Miguel Martins, Miguel Mascarenhas, Joana Frias, Catarina Araújo, Luís Barroso, Thiago Manzione, Pedro Diaz Donoso, Amine Alam, Ashamed Javed, João Afonso, Pedro Cardoso, Maria João Almeida, Joana Mota, Tiago Ribeiro, Francisco Mendes, André Santos, António Costa, Matheus Ferreira de Carvalho, Nadia Fathallal, Sidney Nadal, Luciana La Rosa, Bruno Mendes, João Ferreira, Guilherme Macedo, Vincent de Parades
This is the first interoperable artificial intelligence model capable of simultaneous detection and trinary classification of anal canal lesions (HSIL, LSIL, and non-dysplastic mimickers). By addressing key limitations of HRA, this model supports broader clinical applicability and represents a significant step toward real-world deployment and personalized artificial intelligence-assisted care.
BACKGROUND AND AIMS: Anal cancer incidence is rising, primarily due to increasing rates of human papillomavirus infection. High-resolution anoscopy (HRA) is the gold standard diagnostic modality for evaluating human papillomavirus-related anal lesions; however, its broader adoption is limited by subjectivity and interobserver variability. This study aims to develop and validate a deep learning-based trinary classification model that detects and classifies high-grade squamous intraepithelial lesion (HSIL), low-grade squamous intraepithelial lesion (LSIL), and non-dysplastic lesions (eg, inflammation) on HRA frames.

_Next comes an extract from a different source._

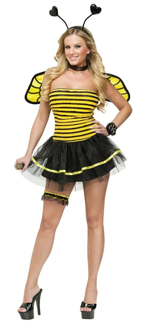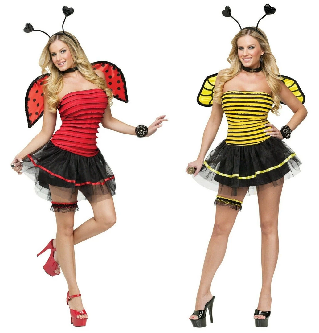 Two sexy costumes in one! These Bumble Bee/Lady Bug costume includesΒ Cute strapless dress has tulle skirt with under layer.Β Includes precious heart antenna headband and polka dot wings.

METHODS: A multicentric study was conducted to develop a convolutional neural network for automatic detection and classification of HSIL, LSIL, and non-dysplastic lesions. A You Only Look Once (YOLO)-v11 model was trained and validated on 191,951 frames (from 107 HRA procedures) containing histologically confirmed lesions, collected from 5 different imaging devices across 5 independent centers. Performance metrics (recall, precision, accuracy, and F1-score) were calculated at the object classification level as weighted averages across 5 confidence thresholds (0.45, 0.47, 0.50, 0.52, and 0.55).
RESULTS: For HSIL and LSIL, recall was 97.9% and 98.9%, and precision was 93.9% and 98.5%, respectively. For non-dysplastic lesions, recall was 98.7%, and precision was 96.0%. The overall classification accuracy on the test set was 88.1% (95% CI: 78.2-98.1).
CONCLUSION: This is the first interoperable artificial intelligence model capable of simultaneous detection and trinary classification of anal canal lesions (HSIL, LSIL, and non-dysplastic mimickers). By addressing key limitations of HRA, this model supports broader clinical applicability and represents a significant step toward real-world deployment and personalized artificial intelligence-assisted care.